Assigned task
Below are some records. Return exactly the lines from the one with "label='Value 2', color='orange')" to the one with "В синем небе", and nothing else.

Source information
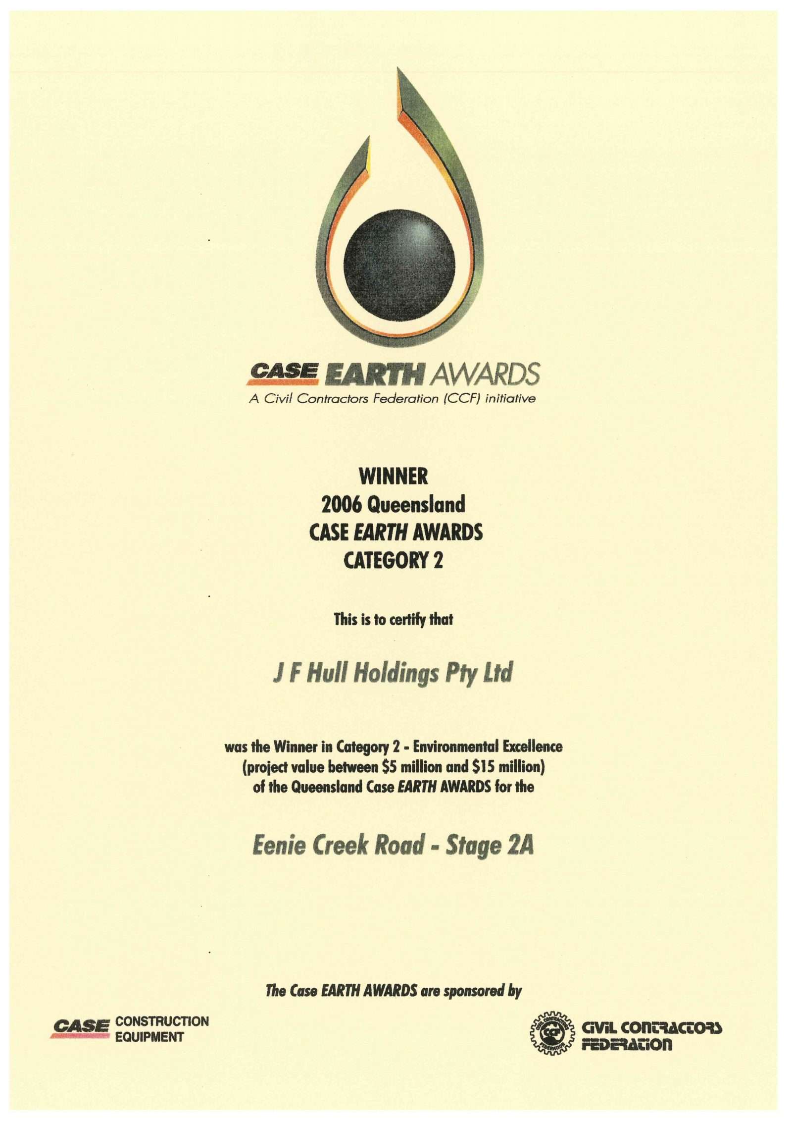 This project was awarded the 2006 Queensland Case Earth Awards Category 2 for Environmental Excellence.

...

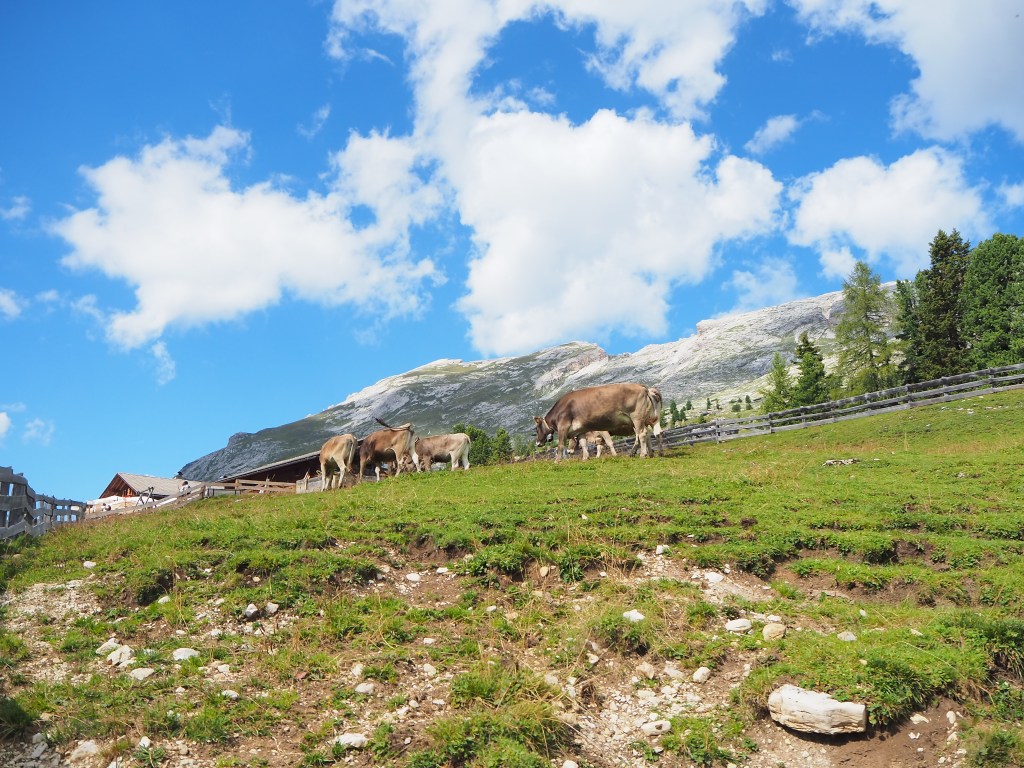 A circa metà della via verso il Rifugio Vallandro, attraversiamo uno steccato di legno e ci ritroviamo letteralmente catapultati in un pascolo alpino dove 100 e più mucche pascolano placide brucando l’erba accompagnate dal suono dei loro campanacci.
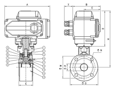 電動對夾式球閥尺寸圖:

* * *

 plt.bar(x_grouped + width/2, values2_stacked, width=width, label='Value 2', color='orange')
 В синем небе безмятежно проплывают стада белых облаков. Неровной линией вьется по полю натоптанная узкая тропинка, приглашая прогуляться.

Exercise solution
 plt.bar(x_grouped + width/2, values2_stacked, width=width, label='Value 2', color='orange')
 В синем небе безмятежно проплывают стада белых облаков. Неровной линией вьется по полю натоптанная узкая тропинка, приглашая прогуляться.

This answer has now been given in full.